Biffo89 · 2025-07-10T16:35:56Z

A fairly-optimised transpose function for matrices, as this is missing from Sage.

Transfers are made in order of the data in the source matrix to reduce cache misses
Buffers are used to reduce number of calls to __mzd_xor_bits, writes are done word by word
Bulk reads are done on each word in memory to reduce calls to __mzd_read_bits, then masks and shifts are applied after

Tests and benchmarks added, now memory safe with a speedup of ~4.5-12x over naive transpose.

malb · 2025-07-10T20:00:41Z

Cool, can you add tests?

malb · 2025-07-10T20:03:00Z

Since you're aiming for performance, maybe check how this compares with a transpose of a GF(2) matrix that has the same storage cost? Carlo Wood spent a lot of time making that one fast, if my memory serves.

malb · 2025-07-16T07:53:14Z

Thanks for the tests, they look good. What are the benchmark results for you?

Biffo89 · 2025-07-16T10:47:43Z

I realised I had a few mistakes in the benchmark file. The results for me are about a 4x speedup for all sizes over the naive version. The performance is admittedly slower than for GF(2) but still a good improvement.

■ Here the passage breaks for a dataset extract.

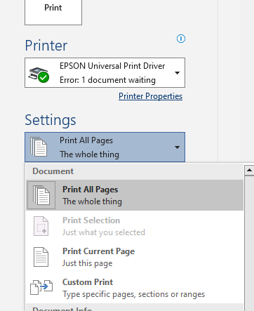 - b Click the Settings (Print all pages) drop down. / Settings (Print all pages) ड्रॉप डाउन पर क्लिक करें।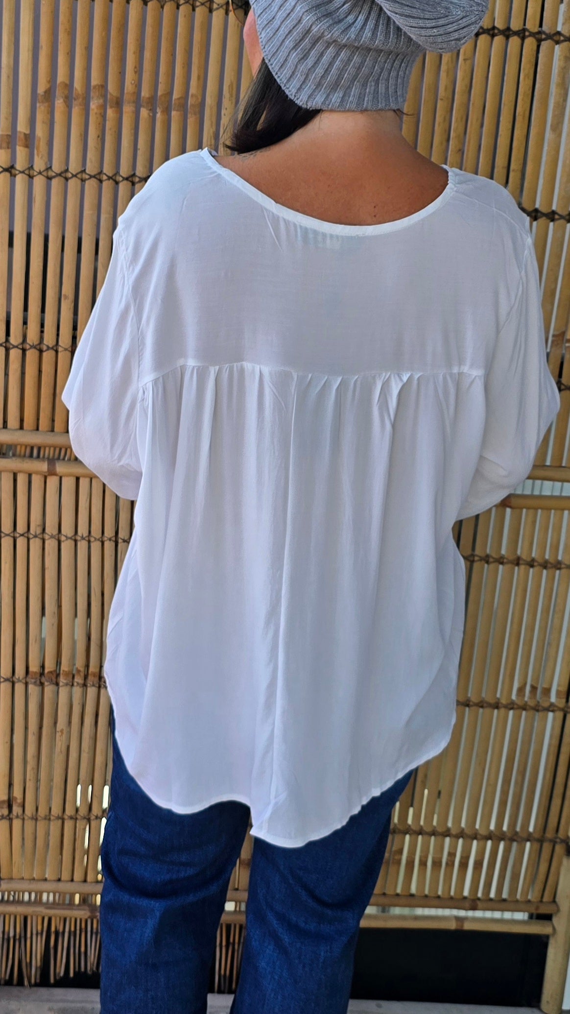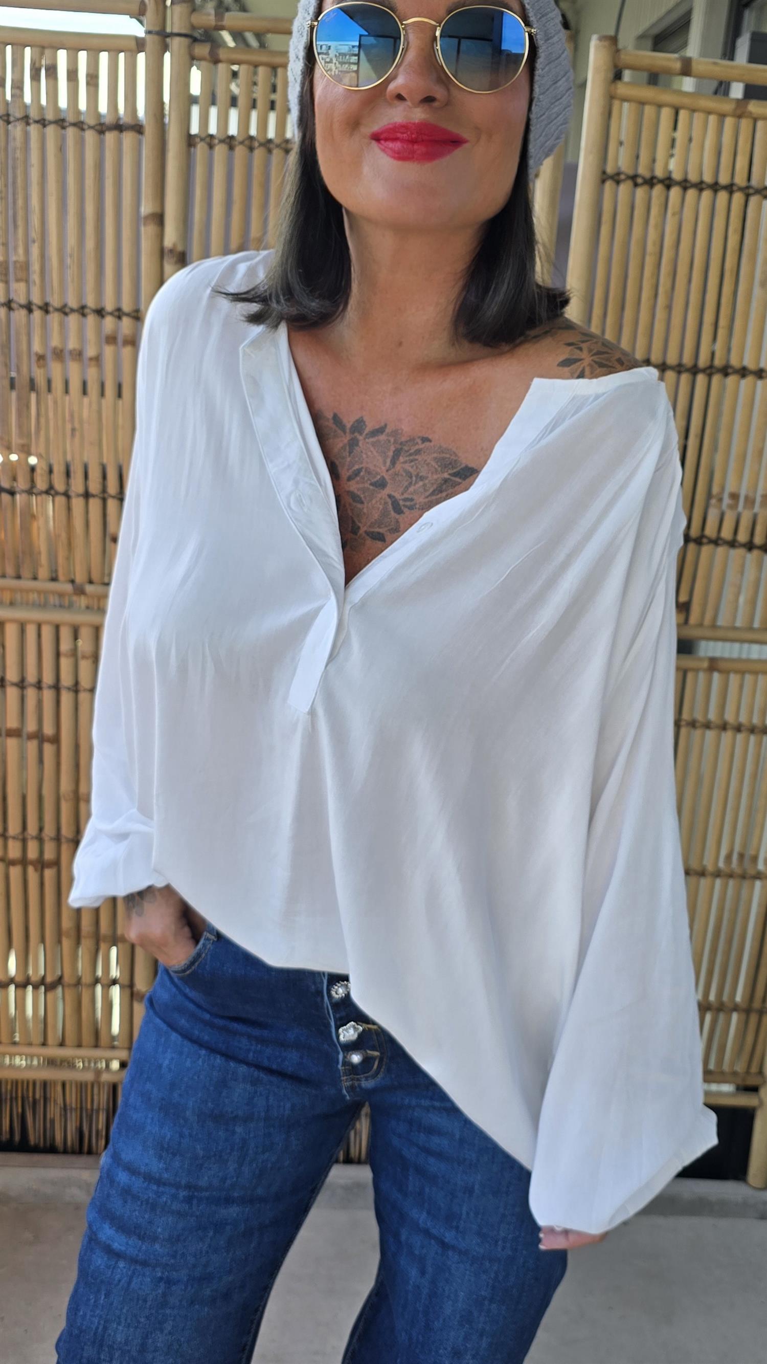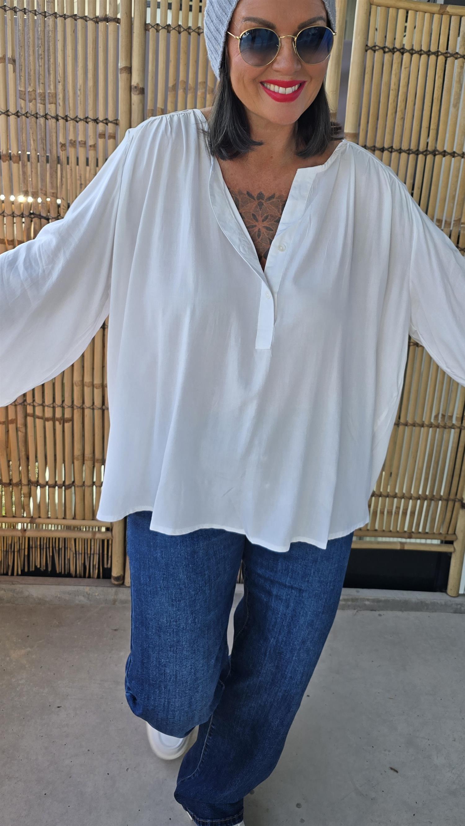 Så snygg skjorte bluse med extra god vidde. Så fin på. Långa puffiga armar med strikk nederst. Blusen faller läckert i ryggen. Knappar I halsen.

I'll try a further optimisation on the number of __mzd_read_bits calls, but I can't spend but more time on this at the moment as it's just instrumental to an addition to Sage which makes use of the transpose, and GF(2^e) was particularly slow.

......
Total running time: 0.552 seconds.
Sample size: 6; mean: 81136039; standard deviation: 387795
99% confidence interval: +/- 638333 (0.8%): [80497706..81774373]
e: 1, m: 8192, n: 8192, algo: optimised, cpu cycles: 81136039, cc/bit: 1.20902, wall time: 0.035220
................................................................
Total running time: 60.624 seconds.
Sample size: 64; mean: 513710525; standard deviation: 55561305
99% confidence interval: +/- 18437183 (3.6%): [495273342..532147708]
e: 2, m: 5793, n: 5793, algo: optimised, cpu cycles: 513710525, cc/bit: 7.65388, wall time: 0.222969
....................................
Total running time: 60.650 seconds.
Sample size: 36; mean: 2208722449; standard deviation: 119895354
99% confidence interval: +/- 54452471 (2.5%): [2154269978..2263174920]
e: 2, m: 5793, n: 5793, algo: naive, cpu cycles: 2208722449, cc/bit: 32.90820, wall time: 0.958652
..........................................................................................................................
Total running time: 60.316 seconds.
Sample size: 122; mean: 300793563; standard deviation: 37965874
99% confidence interval: +/- 8993658 (3.0%): [291799905..309787222]
e: 4, m: 4096, n: 4096, algo: optimised, cpu cycles: 300793563, cc/bit: 4.48217, wall time: 0.130557
.........................................................
Total running time: 60.511 seconds.
Sample size: 57; mean: 1593826232; standard deviation: 161739373
99% confidence interval: +/- 57063761 (3.6%): [1536762471..1650889992]
e: 4, m: 4096, n: 4096, algo: naive, cpu cycles: 1593826232, cc/bit: 23.74986, wall time: 0.691769
.......................................................................................................................................................................................................
Total running time: 60.073 seconds.
Sample size: 199; mean: 209458250; standard deviation: 75109151
99% confidence interval: +/- 13801440 (6.6%): [195656810..223259690]
e: 8, m: 2896, n: 2896, algo: optimised, cpu cycles: 209458250, cc/bit: 3.12184, wall time: 0.090915
..................................................................................................
Total running time: 60.574 seconds.
Sample size: 98; mean: 867007988; standard deviation: 86690940
99% confidence interval: +/- 22923520 (2.6%): [844084467..889931508]
e: 8, m: 2896, n: 2896, algo: naive, cpu cycles: 867007988, cc/bit: 12.92219, wall time: 0.376313
............................................................................................................................................................................................................................................................................................................
Total running time: 60.085 seconds.
Sample size: 300; mean: 168759155; standard deviation: 25998175
99% confidence interval: +/- 3873832 (2.3%): [164885323..172632987]
e: 16, m: 2048, n: 2048, algo: optimised, cpu cycles: 168759155, cc/bit: 2.51471, wall time: 0.073252
.....................................................................................................................................................
Total running time: 60.094 seconds.
Sample size: 149; mean: 638015204; standard deviation: 100339408
99% confidence interval: +/- 21416198 (3.4%): [616599006..659431402]
e: 16, m: 2048, n: 2048, algo: naive, cpu cycles: 638015204, cc/bit: 9.50717, wall time: 0.276921

malb · 2025-07-16T10:56:22Z

Cool, that's a tidy speed-up. I agree "perfect is the enemy of good enough" and I'm happy to merge this. For documentation, could you also compare:

for $e' \in [2,3,4]$ do

$e=1,n=4096,m=n \cdot e'$
$e=e',n=4096,m=4096$

This should be the same "stuff" in memory when ignoring structure? This gives people who want to improve stuff further in the future a sense of what should be possible.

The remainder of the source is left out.